#### The task
Leaving the pictures aside, return all of the data below exactly.

#### Supplied material

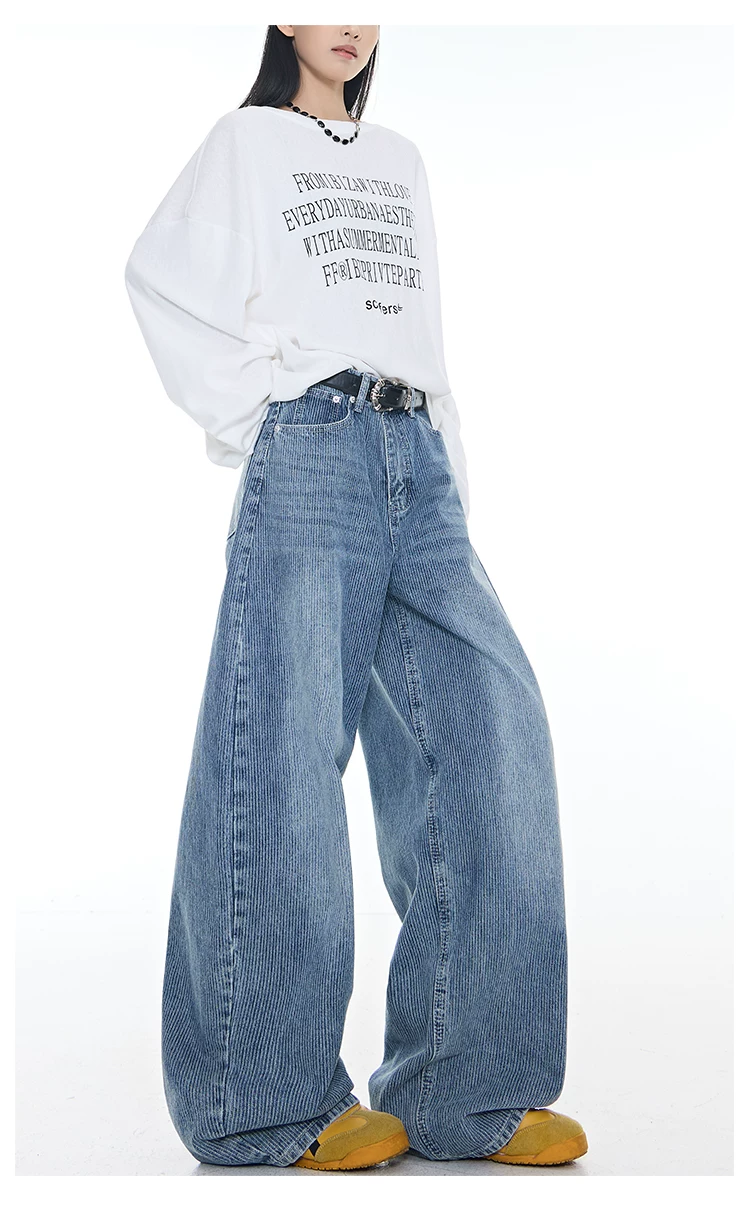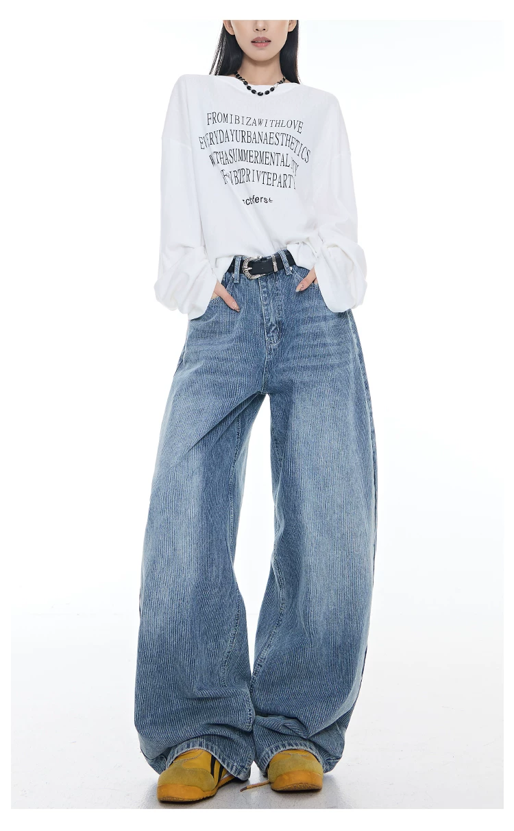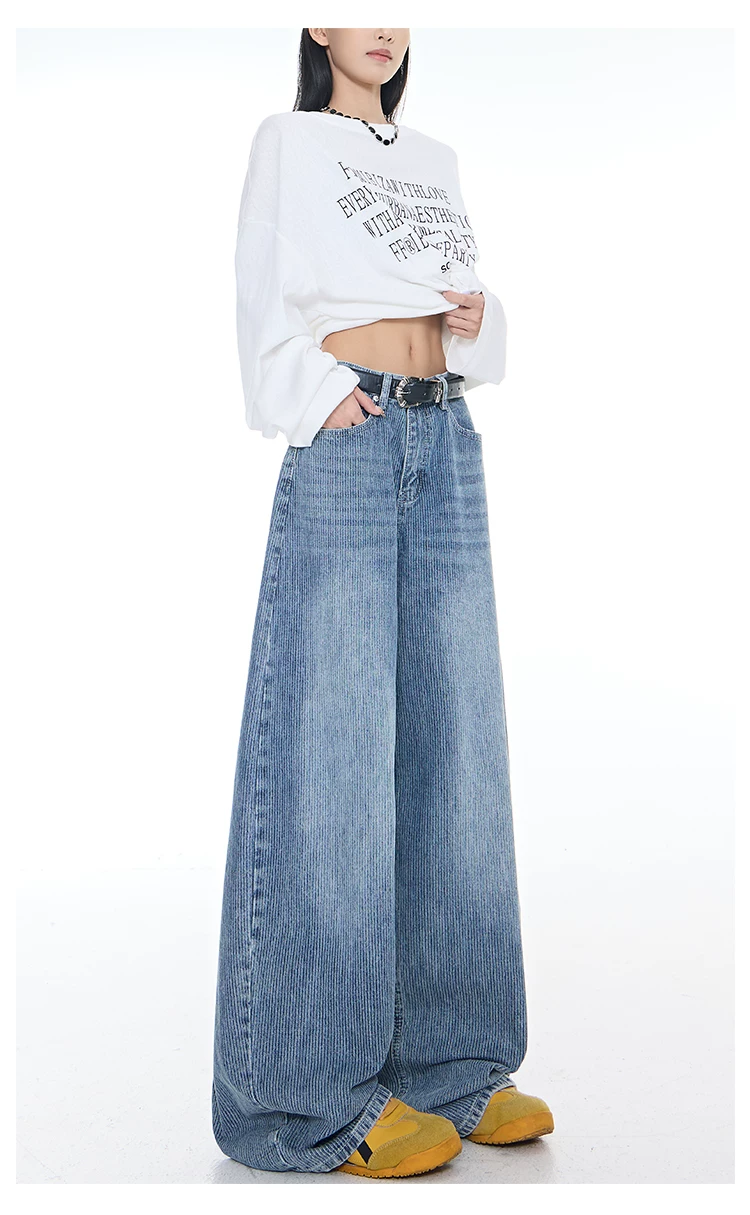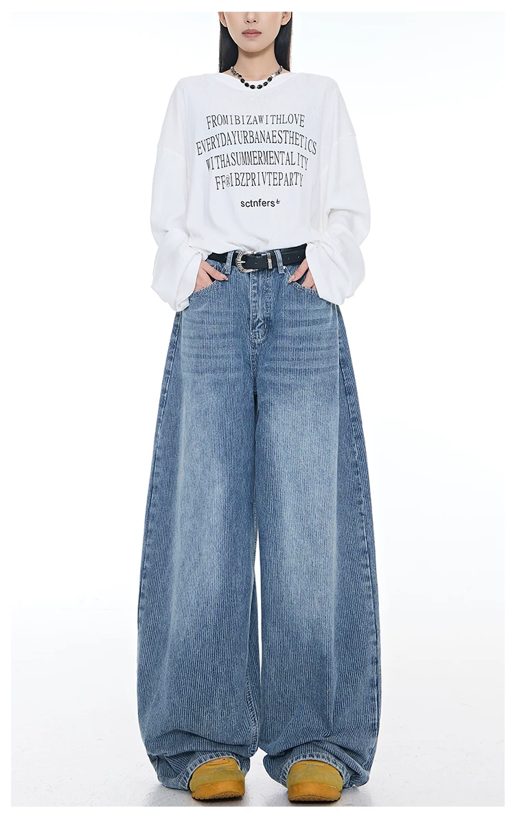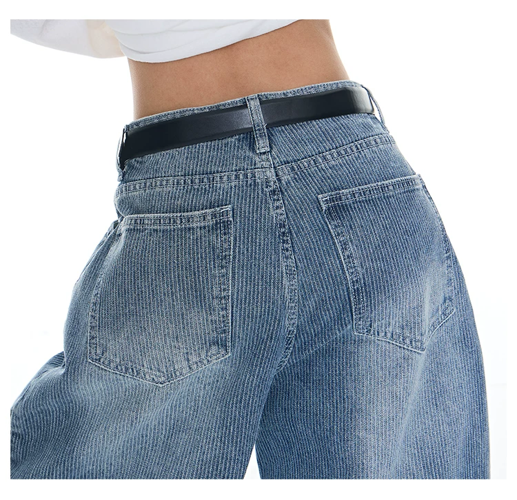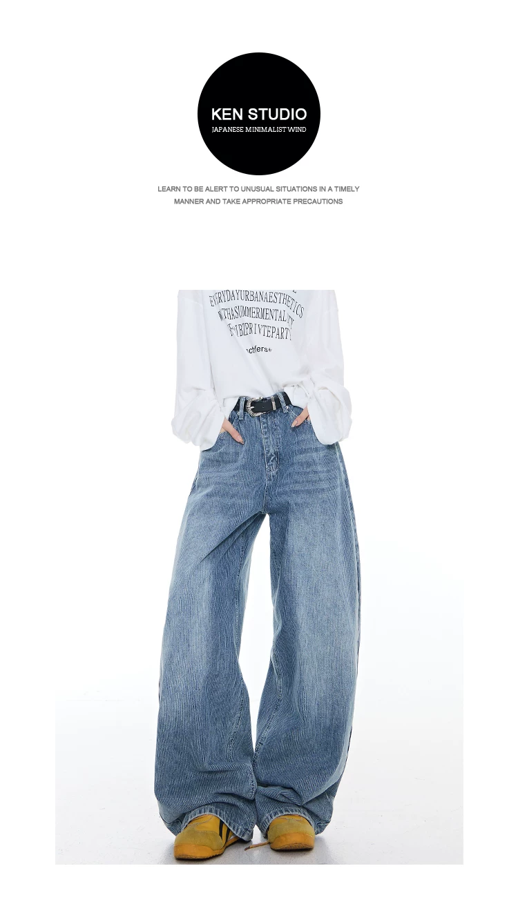 - Quần jean kiểu Mỹ cổ điển có lót lông cừu mùa thu đông của KEN STUDIO dành cho nữ, quần ống rộng lưng cao dáng rộng.
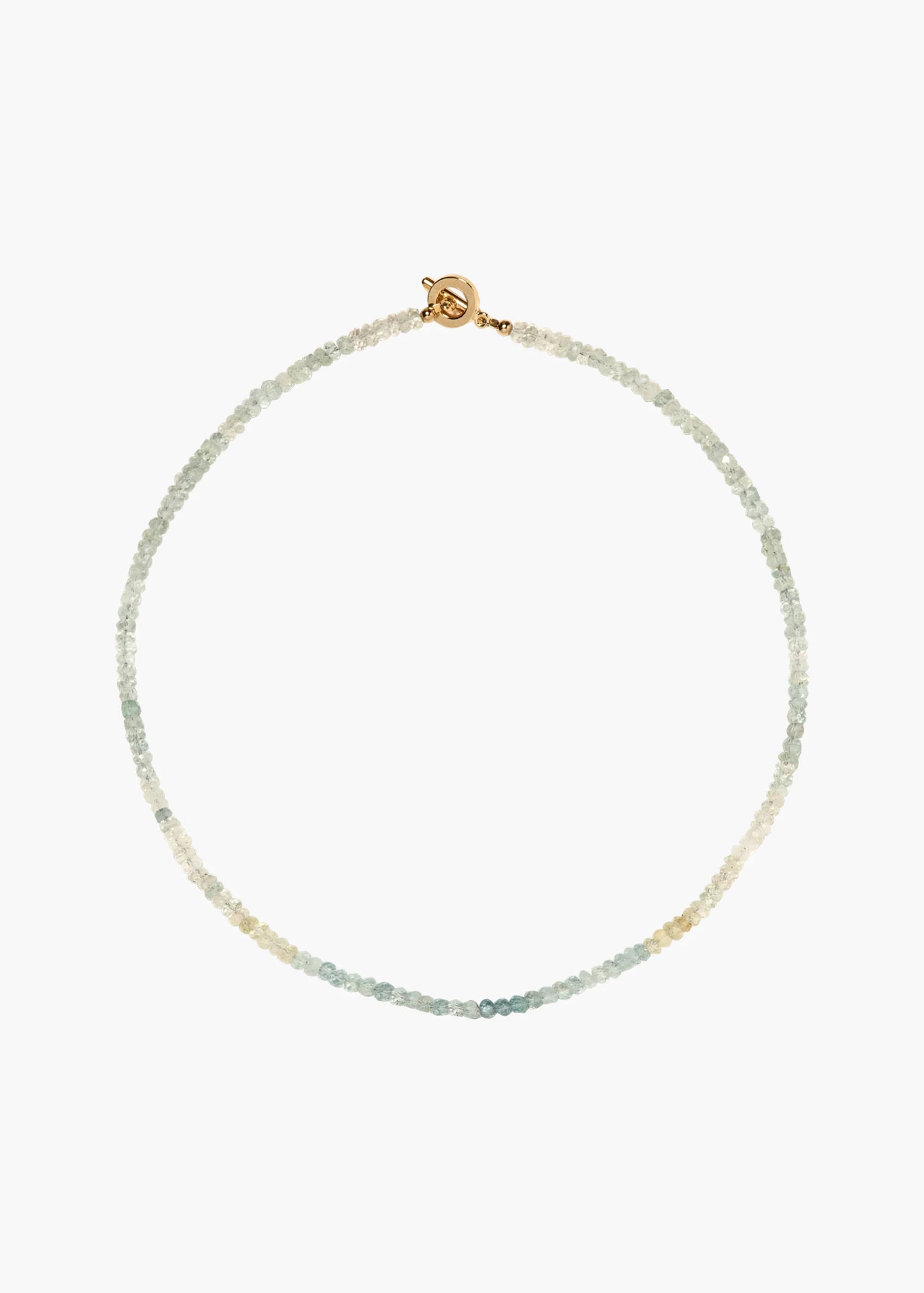 The Elba Necklace's ethereal palette is inspired by seafoam meeting a sandy beach, rendered in semi-precious aquamarine. Each hand-carved bead is faceted to emulate that same vision of a sparkling sea. Made in New York, it is finished with a T-bar clasp. Dimensions: 16 inch length
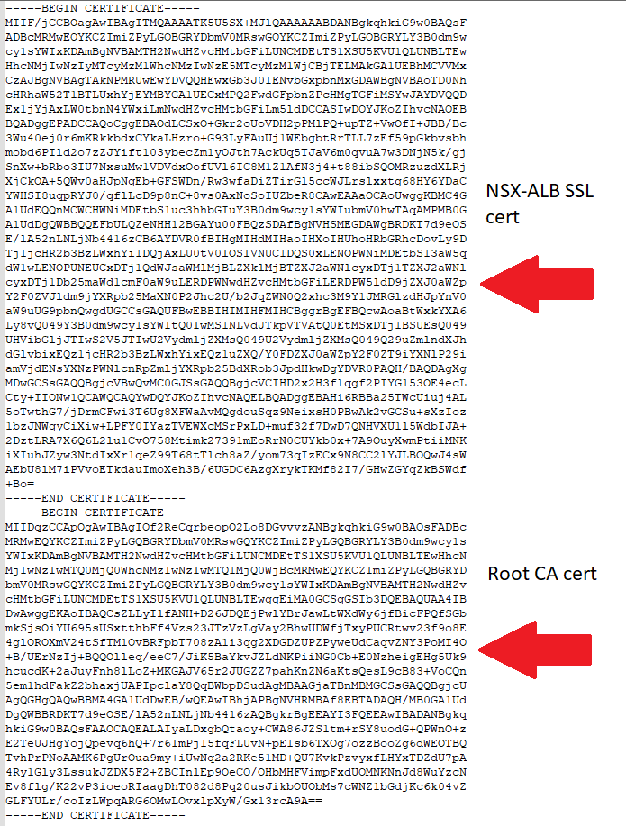 Refer to the spreadsheet, and fill in the information for the NSX-ALB controller. You will also need to log into NSX-ALB and get the certificate for the controller. This can be found on Templates > Security > SSL/TLS Certificates. Click on the down arrow to the right of the controller to export, and then on the new screen that opens, under Certificate, click COPY TO CLIPBOARD.
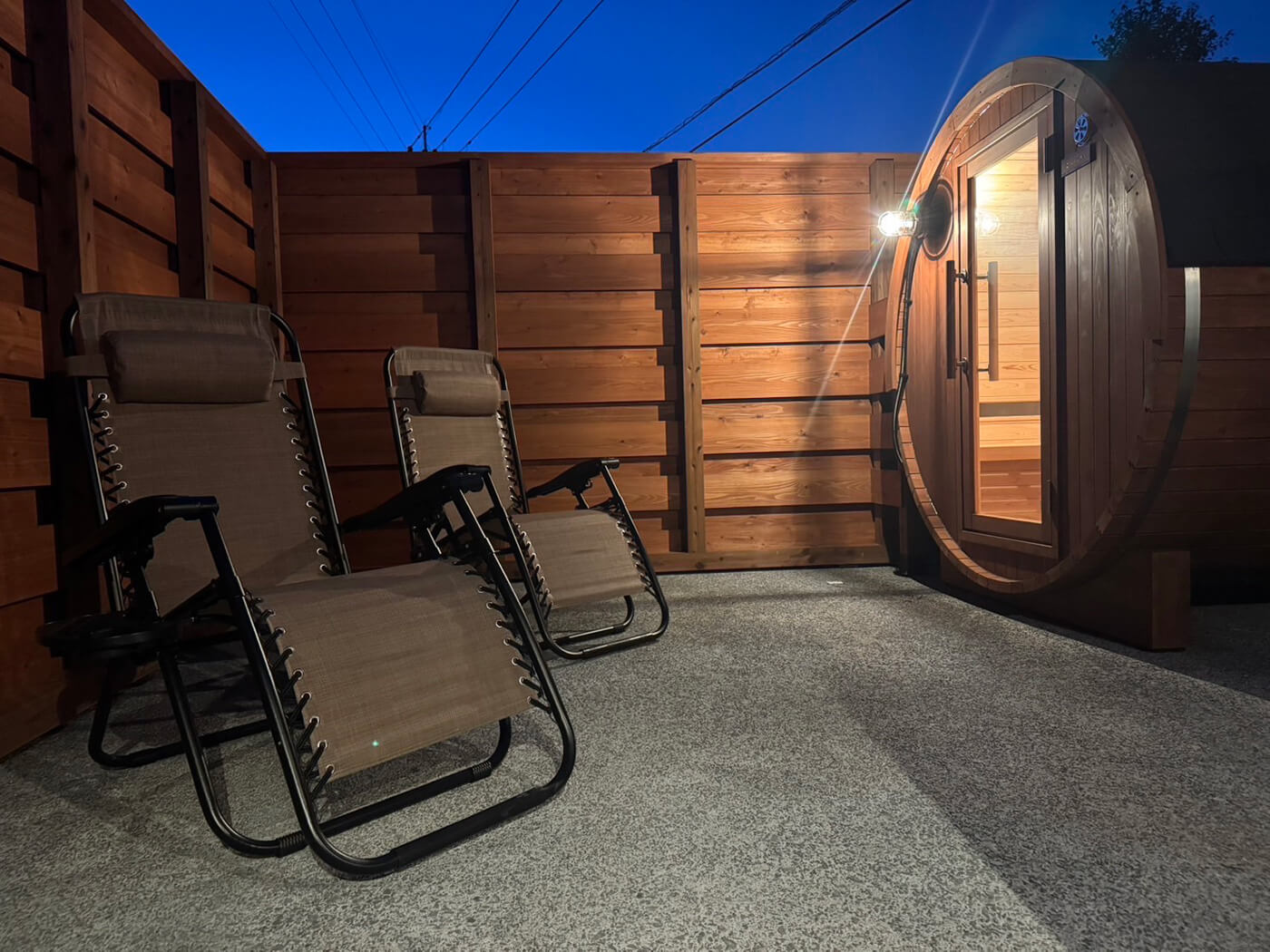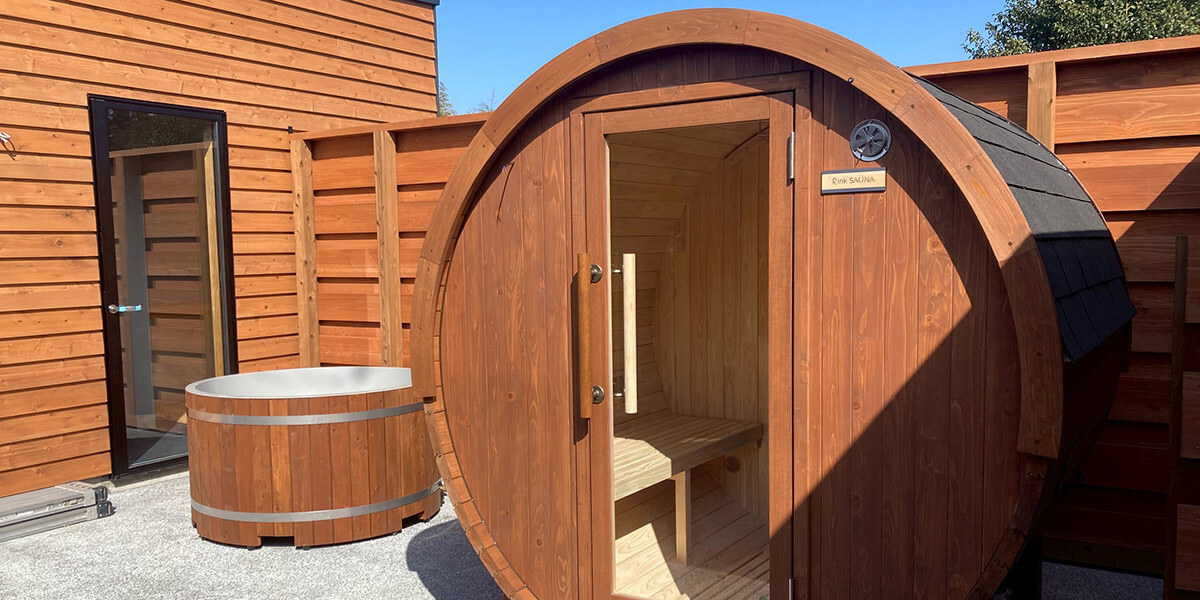 2つの貸切サウナユニット。カップル、友人、ご家族でゆったりとお楽しみいただけます。

#### Solution
 - Quần jean kiểu Mỹ cổ điển có lót lông cừu mùa thu đông của KEN STUDIO dành cho nữ, quần ống rộng lưng cao dáng rộng.
 The Elba Necklace's ethereal palette is inspired by seafoam meeting a sandy beach, rendered in semi-precious aquamarine. Each hand-carved bead is faceted to emulate that same vision of a sparkling sea. Made in New York, it is finished with a T-bar clasp. Dimensions: 16 inch length
 Refer to the spreadsheet, and fill in the information for the NSX-ALB controller. You will also need to log into NSX-ALB and get the certificate for the controller. This can be found on Templates > Security > SSL/TLS Certificates. Click on the down arrow to the right of the controller to export, and then on the new screen that opens, under Certificate, click COPY TO CLIPBOARD.
 2つの貸切サウナユニット。カップル、友人、ご家族でゆったりとお楽しみいただけます。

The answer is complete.